TASK ITEM:
Look in the data below for the line that has "한솔그룹 2022년 공채", then print exactly every line from there through the line that has "证券之星消息,1月3日,南方", leaving pictures out.

DATA RECORDS:
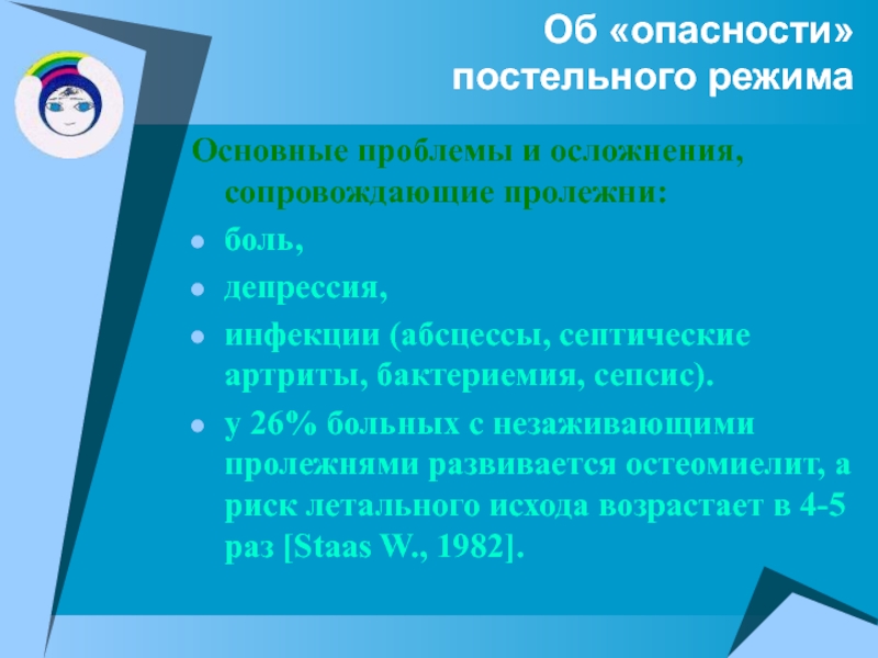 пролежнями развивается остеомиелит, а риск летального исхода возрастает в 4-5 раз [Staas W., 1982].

==

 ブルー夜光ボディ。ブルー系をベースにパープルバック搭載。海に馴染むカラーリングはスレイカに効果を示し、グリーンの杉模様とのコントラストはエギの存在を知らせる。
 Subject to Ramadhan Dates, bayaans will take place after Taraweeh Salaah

* * *

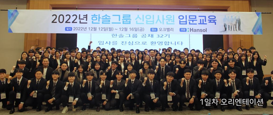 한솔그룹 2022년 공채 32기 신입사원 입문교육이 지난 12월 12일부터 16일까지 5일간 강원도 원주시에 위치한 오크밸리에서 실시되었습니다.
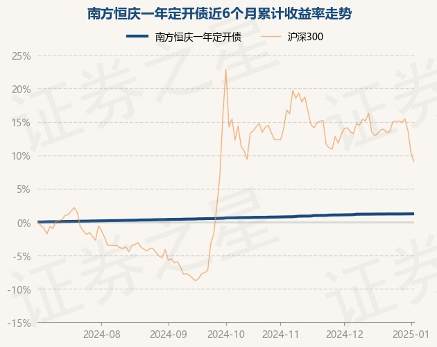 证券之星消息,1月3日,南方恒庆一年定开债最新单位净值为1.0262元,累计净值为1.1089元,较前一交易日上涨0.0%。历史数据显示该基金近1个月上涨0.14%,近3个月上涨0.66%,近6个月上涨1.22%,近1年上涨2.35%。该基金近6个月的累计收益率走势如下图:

OUTPUT:
 한솔그룹 2022년 공채 32기 신입사원 입문교육이 지난 12월 12일부터 16일까지 5일간 강원도 원주시에 위치한 오크밸리에서 실시되었습니다.
 证券之星消息,1月3日,南方恒庆一年定开债最新单位净值为1.0262元,累计净值为1.1089元,较前一交易日上涨0.0%。历史数据显示该基金近1个月上涨0.14%,近3个月上涨0.66%,近6个月上涨1.22%,近1年上涨2.35%。该基金近6个月的累计收益率走势如下图:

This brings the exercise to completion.